DENVER (June 2, 2016)—Potatoes USA brought 21 chefs from Mexico, the Dominican Republic, El Salvador, Japan, Korea, China, Taiwan, Hong Kong, Malaysia, Vietnam and the Philippines on a reverse trade mission (RTM) to the U.S. to learn about U.S. potatoes and products and new and creative ways to put them on Menus. The RTM began with potato training in Idaho and then switched to a two-day training session at Le Cordon Bleu Culinary Institute in Portland, OR. The final portion was the National Restaurant Association annual conference and trade show in Chicago.
In Idaho Falls, the international chefs visited a fresh packing shed and dehydrated potato processing facility. The group also received intensive training on dehydrated potatoes at Miles Willard Technologies. They were amazed by the scale, sophistication and quality of U.S. potatoes and products. Before even getting into the culinary portion of the training, the chefs were already discussing ways to incorporate U.S. potatoes in their menus back home.
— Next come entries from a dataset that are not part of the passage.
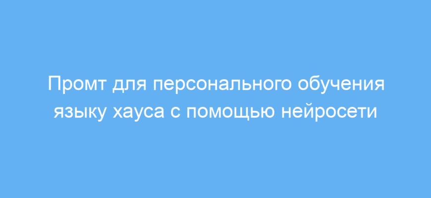 Промт решает проблему отсутствия персонального преподавателя языка хауса. Он обеспечивает удобное взаимодействие с ИИ, который подстраивается под уровень и цели пользователя. Для работы достаточно выбрать базовый язык обучения (например, английский или французский) и тему изучения, после чего нейросеть ведет урок, отвечая на вопросы и предлагая упражнения.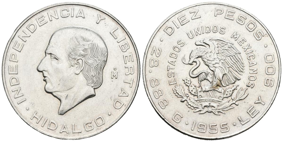 MÉXICO. 10 pesos. (Ar. 28,88g / 40mm). 1955. Hidalgo. (Km # 474). EBC-.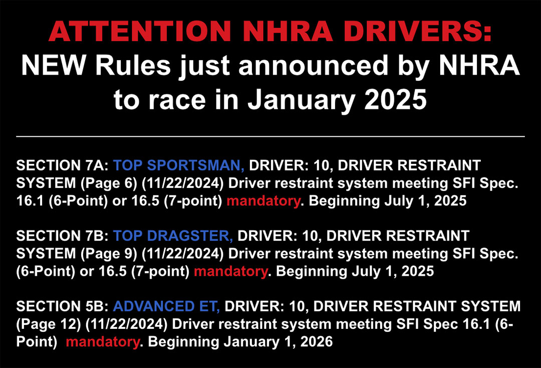 Mandatory NHRA Rule Change Top Sportsman, Top Dragsters and Advanced ET
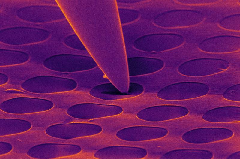 Zum Reinigen auf der Nanoskala wird eine feine Metallspitze genutzt.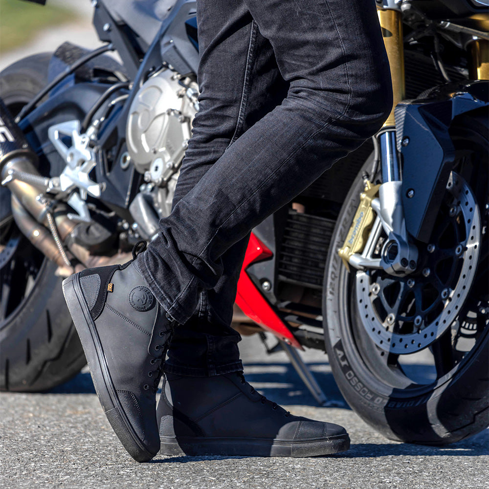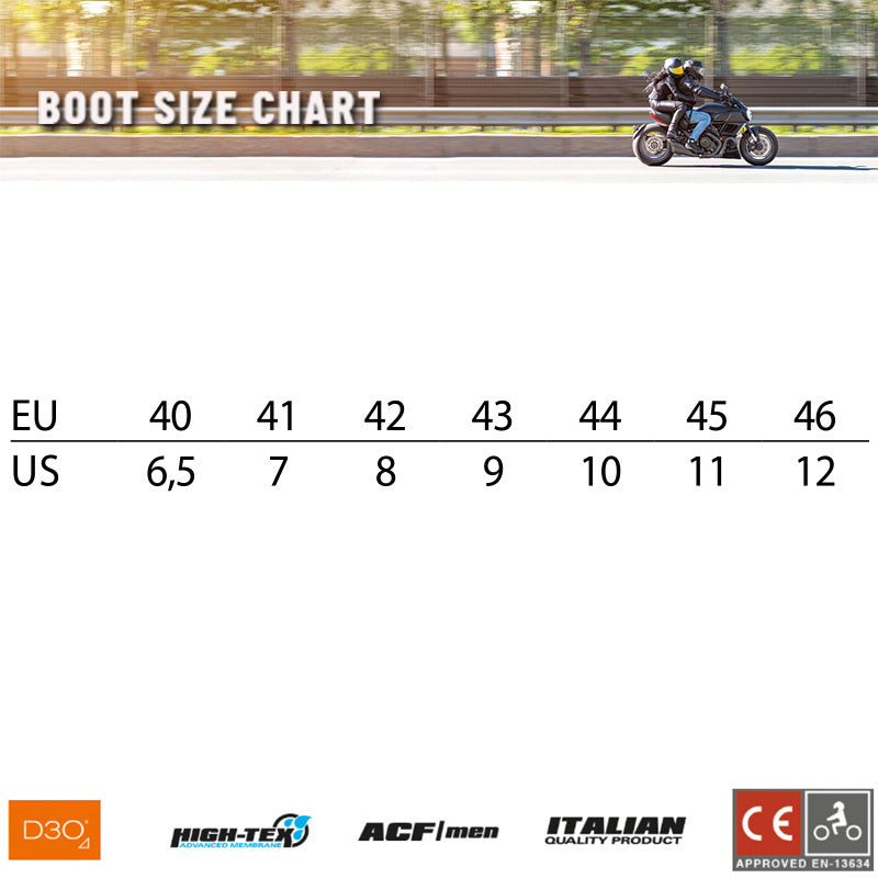 A casual trainer-style short motorcycle boot, that is comfortable enough to cross over into the motorcycle shoe market. Constructed using Falco's Micro-Synth upper, the Viktor motorbike boot provides great road protection with high abrasion resistance. Key areas are protected against impacts in the toe and heel area, including D3O® backed ankle cup inserts for increased comfort. The High-Tex waterproofing membrane keeps you covered in demanding road conditions, because you can never be too sure of the weather! The lace closure keeps the traditional style whilst allowing for maximum adjustment to help get the perfect fit.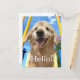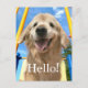 Esta alegre postal muestra una fotografía de un sonriente perro recuperador de oro, junto con la palabra Hello! El texto de personalizable dice: "¡Sólo quería saludar!"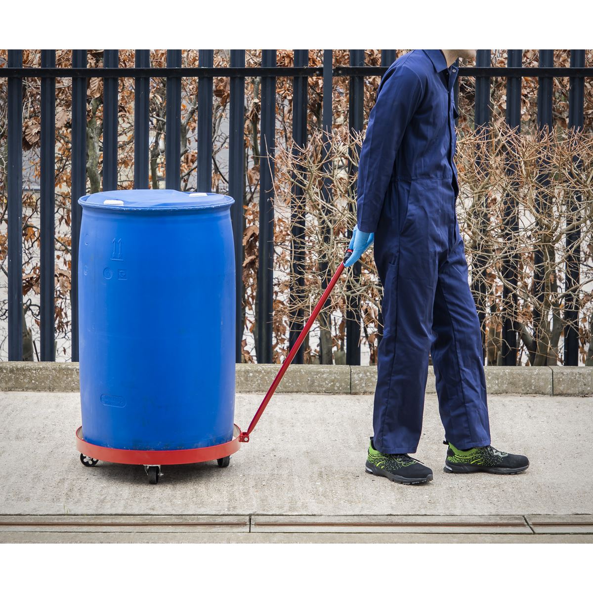 Transport drums quickly and safely on four large metal castors. Wheels are strategically positioned for even weight distribution and fitted with handle for easy manoeuvrability. Suitable for use with 205L drums.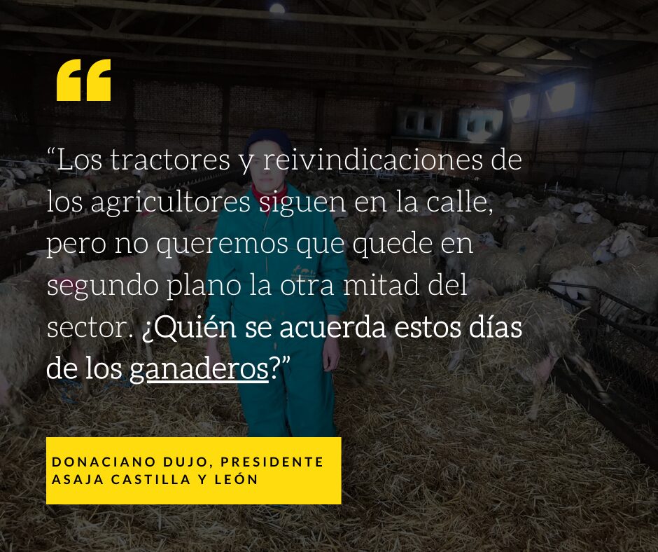 Estos días en las televisiones han salido multitud de pancartas que mostrábamos los agricultores en los frontales de nuestros tractores, desde “El campo en pie de guerra” a “No al cuaderno digital”. La presencia de los tractores quizás ha eclipsado que dentro de la palabra “Campo”, dentro del sector, hay una parte importantísima que no se ha mencionado: los ganaderos. La ganadería representa el 50 por ciento de la renta agraria de Castilla y León, más aún si viene un año de sequía agrícola. Además, es motor de empleo y fija población como ninguna otra actividad en el medio rural. Para todos es un esfuerzo acudir a una protesta, ya que tienes que retrasar las labores previstas en la explotación, pero los ganaderos directamente no pueden permitirse encadenar movilizaciones, porque tienen que atender a sus animales todos los días.

The RTM group next traveled to Boise where they met with Lamb Weston, the Idaho Potato Commission and the J.R. Simplot Company. They were impressed with the different frozen potato products and the wide variety of applications they can be used in. Comments made by the participants included: “I will never think of potatoes the same again,” “I can’t wait to get home to share what I have learned” and “These ideas are exactly what I need to set our restaurant apart.”
The 21 international corporate and R&D chefs put their newly acquired U.S. potato knowledge to use in Portland. Thanks to the assistance of the Oregon Potato Commission the group had a two-day cooking workshop at the Le Cordon Bleu Culinary Institute. The training began with cutting edge culinary demonstrations with dehydrated, frozen and fresh potatoes followed by two opportunities to prepare dishes with U.S. potatoes and products. The second day included training by a lead instructor on classical potato preparations and dishes. The international chefs really appreciated seeing a top level chef demonstrate these simple yet very difficult French potato dishes.
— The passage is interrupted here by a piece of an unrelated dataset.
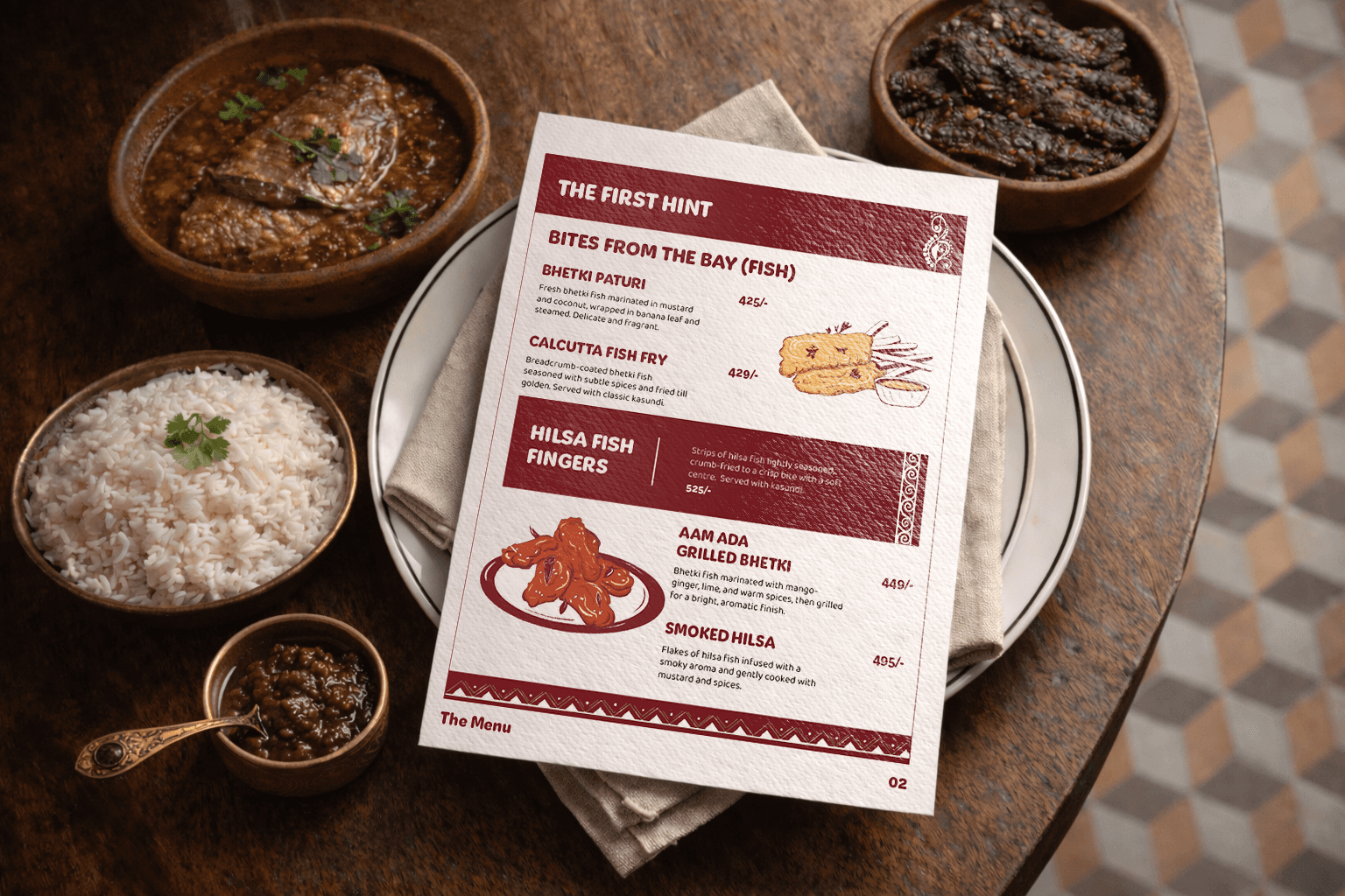 This informed a user-centered menu system designed to simplify navigation and enhance confidence. The menu functions as a guided experience, introducing Bangla cuisine with clarity, warmth, and structured storytelling.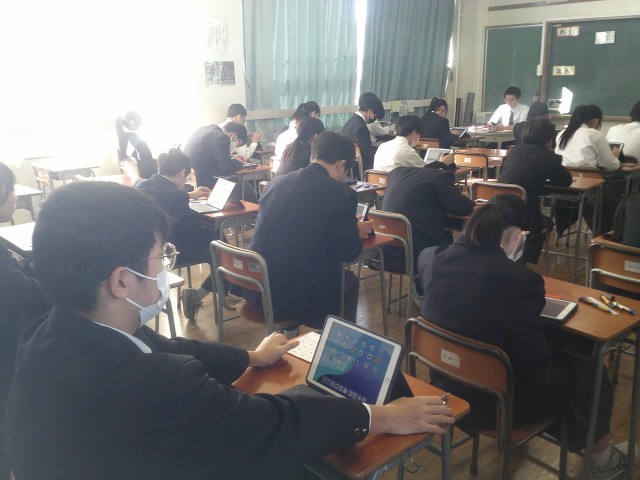 本日、1、2年生を対象に江戸川区学力調査を実施しています。1時間目は、タブレットを使った学習意識調査です。

The culmination of the training was a black box challenge featuring all potato types and varieties and the secret ingredients of artichokes, leeks, summer squash, lemons, oranges, apples, shrimp and scallops. The chefs were divided into five teams made up of a mix of countries and the blending of cultures and cooking styles resulted in five amazing potato dishes. These ranged from potato ceviche to potato crepes wrapped around the vegetables and topped with a shrimp to the winner, a vertical potato salad that included four varieties of fresh potatoes, five types of frozen cuts and was topped with a dressing made with dehydrated potatoes.
Most of the group then traveled to Chicago for the National Restaurant Association show. This is an amazing event and the chefs were very appreciative of this extra opportunity to learn more about U.S. food products, including potatoes, which they can feature in their restaurants plus all of the other aspects of the restaurant business.
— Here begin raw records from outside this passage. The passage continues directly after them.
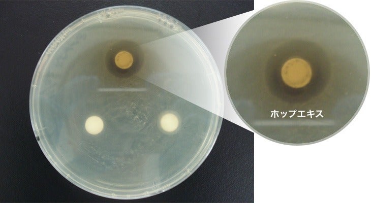 A群溶血性レンサ球菌を寒天培地に植え付けた後に123種のハーブエキスを各々ろ紙に添加しました。37℃、5%CO2の条件下で数日培養した後に阻止円(A群溶血性レンサ球菌が生育できない領域)の有無と大きさを確認しました。その結果、「ホップ」を含む11種のハーブエキスについて大きな阻止円を認め、A群溶血性レンサ球菌に対する抗菌力(菌の増殖を抑制する力)が確認できました。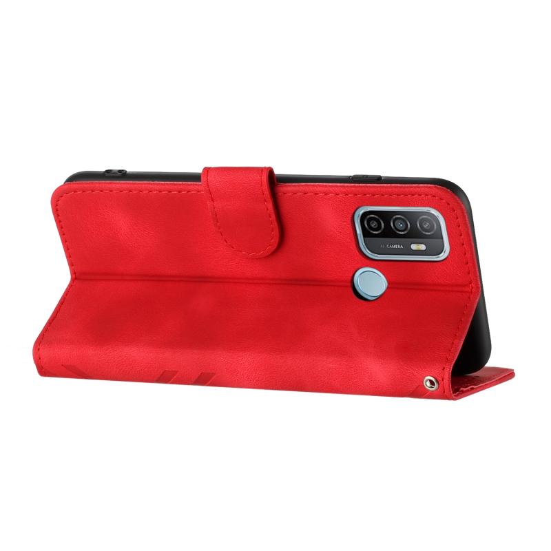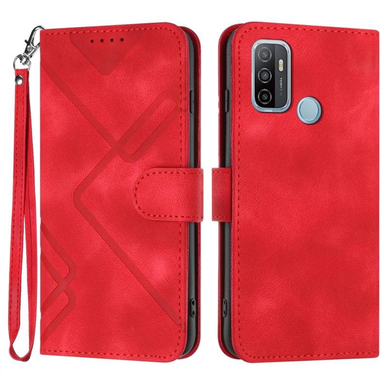For OPPO A53s / A32 / A53 Line Pattern Skin Feel Leather Phone Case(Red)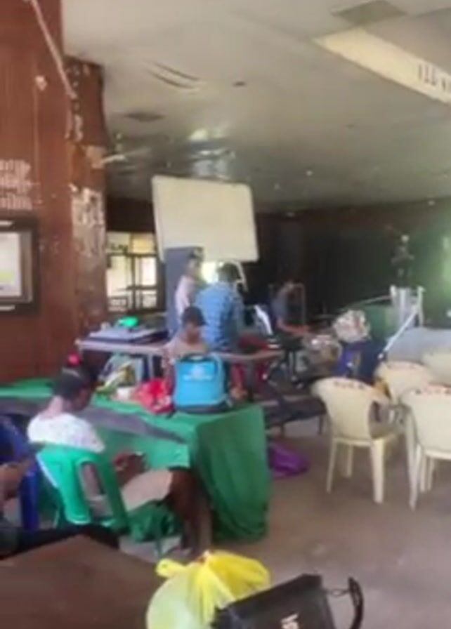 interior of a large, somewhat dilapidated room that appears to be under preparation for some kind of event or performance. There are several people present, some seated and some standing around tables with equipment. A man is playing drums on a drum set towards the back of the room. Several white plastic chairs are arranged in rows on one side. The room has peeling paint and worn-looking walls. Light enters through windows and open areas, illuminating the various objects and people within the space. There is a whiteboard on a stand and other items scattered about, suggesting an ongoing setup process.

All of the chefs expressed sincere gratitude to participate in this “experience of a lifetime” and all felt that how they viewed and thought about potatoes had completely changed. There was complete consensus that they could apply what they had learned in their restaurants and that they would be launching new potato dishes on their menus very soon.
The purposes of the 2016 International Chef RTM were successfully achieved. The participants gained a new perspective and appreciation for the value, variety and quality of U.S. dehydrated, fresh and frozen potato products. Potatoes USA would like to especially recognize the Idaho Potato Commission, the Oregon Potato Commission, the Washington State Potato Commission and all the growers from Idaho, Oregon and Washington who helped host this year’s event. They all provided valuable time, talent, and expertise in welcoming these international guests during the busy growing season.
About Potatoes USA
Potatoes USA is the marketing organization for the 2,500 commercial potato growers operating in the United States. We promote five main potato products: fresh table-stock potatoes, fresh chipping potatoes, seed potatoes, frozen potato products and dehydrated potato products. The National Potato Promotion Board, dba Potatoes USA, was established in 1971 by a group of potato growers to promote the benefits of eating potatoes. Today, as the largest vegetable commodity board, Potatoes USA is proud to be recognized as an innovator in the produce industry. For more information on Potatoes USA’s mission to “Strengthen Demand for U.S. Potatoes” by creating positive change in the industry through innovative and inspiring approaches, please visit PotatoesUSA.com. In an effort to enhance diversity of the Board, USDA encourages women, younger growers, minorities, and people with disabilities to seek positions on the board.